A Salmonella typhimurium reverse mutation standard plate incorporation study was conducted to evaluate whether a saline extract of Booster Gel Lot 70710-D and Daywhite 15% Lot 970701, Lot #70710-D & Lot A 970701, would cause mutagenic changes in histidine-dependent Salmonella typhimurium strains TA98, TA100, TA1535, TA1537, and TA1538 in the presence and absence of S9 metabolic activation. The methodology of Ames et al (1975) was followed using a saline extract.

The saline test article extract, at a dilution of 1:8, was found to be non-inhibitory to growth of tester strains TA98, TA100, TA1535, TA1537, and TA1538. Separate tubes containing 2ml of molten top agar supplemented with histidine-biotin solution were inoculated with 0.1ml of culture for each of five tester strains, and 0.1ml of the saline extract. A 0.5ml aliquot of S9 homogenate simulating metabolic activation was added when necessary. The mixture was poured across triplicate Minimal E plates. Parallel testing was also conducted with a negative control, and four positive controls. The mean number of revertants of the triplicate test plates were compared to the mean number of triplicate negative control plates for each of the five tester strains employed. The values (means) obtained for the positive controls were used as points of reference.

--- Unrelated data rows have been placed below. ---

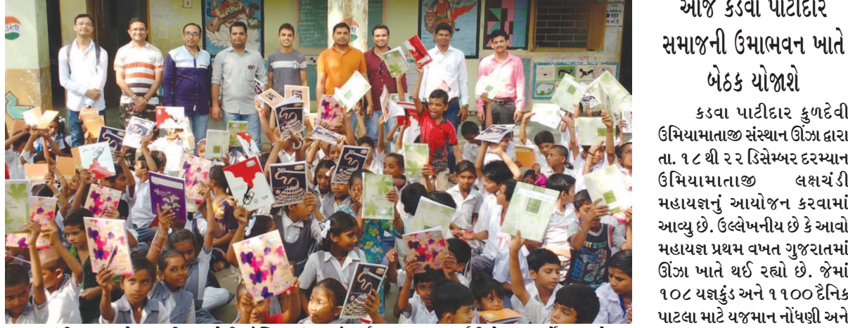
ગાંધીનગરના સેવાભાવી યુવાનોની સ્વેચ્છિક સંસ્થા ચોહાઈ ગ્રુપ દ્વારા દર વર્ષની જેમ આ વર્ષે પણ શહેરના જરૂરિયાતમંદ વર્ગના બાળકોને વિનામૂલ્યે ચોપડા, નોટબુક, પેન્સિલ વગેરેનું વિતરણ કરવામાં આવ્યું હતું. આ કાર્યક્રમ અંતર્ગત ગ્રુપ દ્વારા શહેરના સેક્ટર ૨, ૬, ૧૩, ૧૫ અને ૧૬ની સરકારી પ્રાથમિક શાળાઓના આશરે ૪૦૦થી વધુ બાળકોને આવી રી લેવાયા હતા.
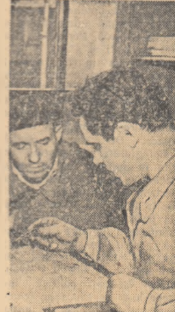
La biblioteca Uzinelor „23 August” din Capitală vin adesea numeroși muncitori pentru a consulta cărți tehnice.
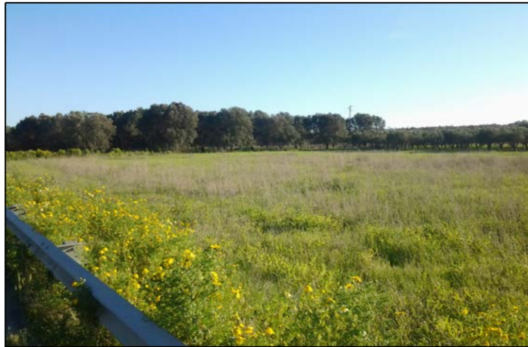
VISTA 1: STATO DI FATTO
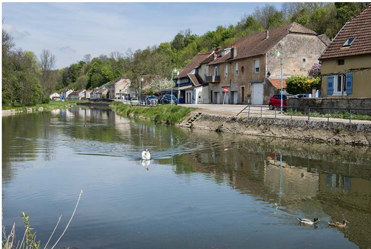
Le canal longeant la rue de la Fontaine. 70, Port-sur-Saône
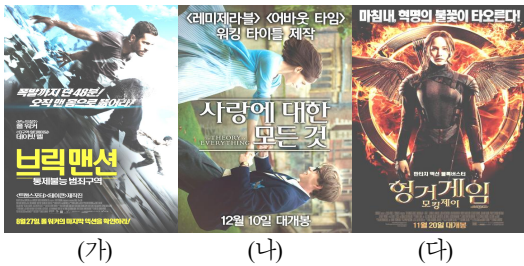
그림 5 헤드라인 명시화의 사례

(가) ‘음차 + 서브헤드라인’을 통한 명시화: <브릭맨션 — 통제불능 범죄구역>은 Brick Mansions 를 원제로 하는, 영화 <13구역>의 리메이크작이다. 4) 한국어 포스터에는 “통제불능 범죄구역”이라는 서브헤드라인(부제)이 추가되어 헤드라인의 의미가 구체화되었다. 특히 서브헤드라인의 “구역”이라는 단어는 리메이크 원작을 연상케 한다는 점에서 영화의 장르, 내용, 느낌 등을 예측 가능하게 만든다. 영화 <아노말리: 타임게이트>, <더 기버: 기억전달자>, <포스마쥬어: 화이트베케이션> 등도 음차번역과 함께 서브헤드라인을 추가함으로써 헤드
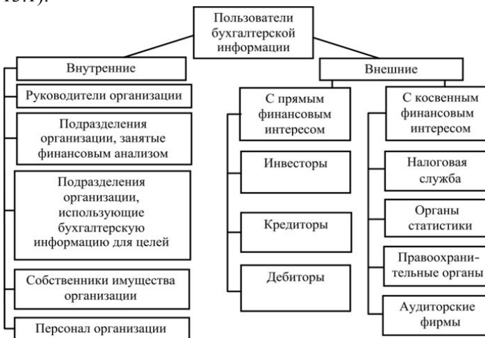
Рис. 13.1. Состав внутренних и внешних пользователей бухгалтерской отчетности

Физические и юридические лица, являющиеся пользователями информации, содержащейся в бухгалтерской отчетности, условно делятся на две основные группы – внутренние и внешние (рис. 13.1).

Under the conditions of this assay, the saline test article extract was not considered to be mutagenic to Salmonella typhimurium tester strains TA98, TA100, TA1535, TA1537, and TA1538. The negative and positive controls performed as anticipated.


CONCLUSION


Under the conclusions of this assay, the saline test article extract was not considered to be mutagenic to Salmonella typhimurium tester strains TA98, TA100, TA1535, TA1537, and TA1538.